3. The boss kept you waiting and didn't acknowledge it

Marketing strategy consultant Dorie Clark says you can tell a lot about a person from how he or she treats your time.

"Did they keep you waiting, and if so, how did they handle it?," Clark tells CNBC. "Everyone has occasional delays or emergencies. But if they kept you waiting for more than, say, 10 to 15 minutes, you want them to be contrite about it."

"A blithe willingness to waste your time will carry over once you're officially their subordinate," says Clark, author of "Reinventing You."

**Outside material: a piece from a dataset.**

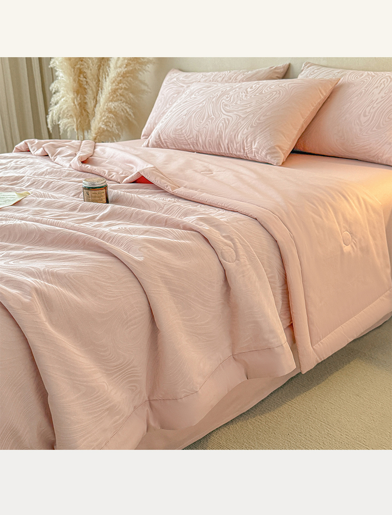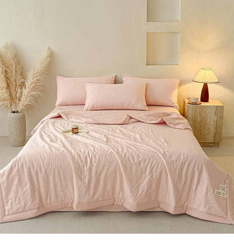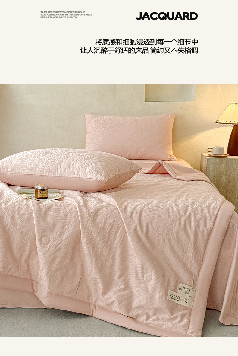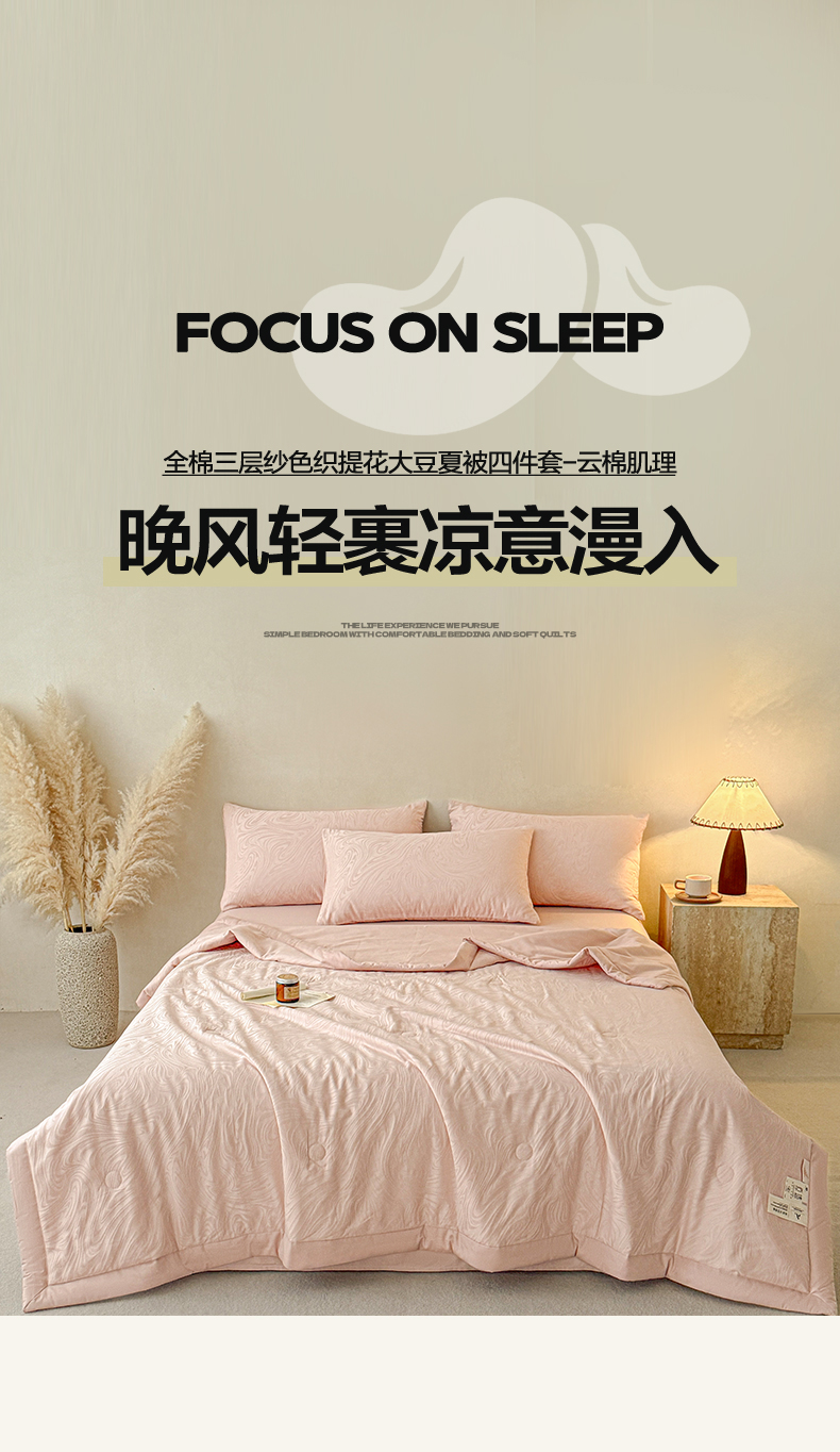 当前位置: 91家纺网 > 商品网购 > 被子 > 夏被 > 一加一 2026新款全棉纯棉三层纱色织提花大豆夏被四件套-云棉肌理 凯迪娜(粉金)

4. The boss belittled you or was rude

"If the boss makes fun of or minimizes your accomplishments when looking at your resume, consider this another red flag," Hakim says. "Someone like this will often criticize you instead of lifting you up."

Also, pay attention to whether or not the boss has manners you'd expect from, well, anyone. Look out for a manager who is blatantly sarcastic, consistently interrupts you, texts or emails during the interview without explanation or seems uncommunicative.

5. The boss derided the work of another employee

Putting someone else down in front of you is a bad move, Hakim says.

"Think about it," she says. "The interview is the time for everyone to be on his or her best behavior. If the boss is acting this way now, how will she act when the honeymoon period is over?"

If you see one or more of these red flags, make note of it. While it doesn't necessarily mean you shouldn't take the job, it's something to consider, especially if you have multiple opportunities or time to interview with another potential boss.